▶ Problem statement:
The reply is a verbatim copy of the listing below with its images dropped.

===== Supplied data =====

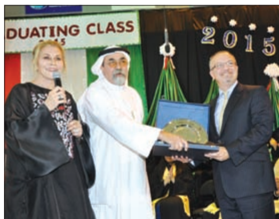
غريبلّي الغريبلّي وسنتال الغريبلّي يكرمان السفير ماثيو لودج
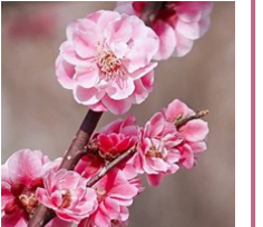
開花した「楠玉」(イメージ)

今年の1月25日に45周年を記念した植樹式が執り行われ、羽根木公園の梅林に「楠玉（くすだま）」が植樹されました。

=====

▶ Answer to the exercise:
غريبلّي الغريبلّي وسنتال الغريبلّي يكرمان السفير ماثيو لودج
開花した「楠玉」(イメージ)

今年の1月25日に45周年を記念した植樹式が執り行われ、羽根木公園の梅林に「楠玉（くすだま）」が植樹されました。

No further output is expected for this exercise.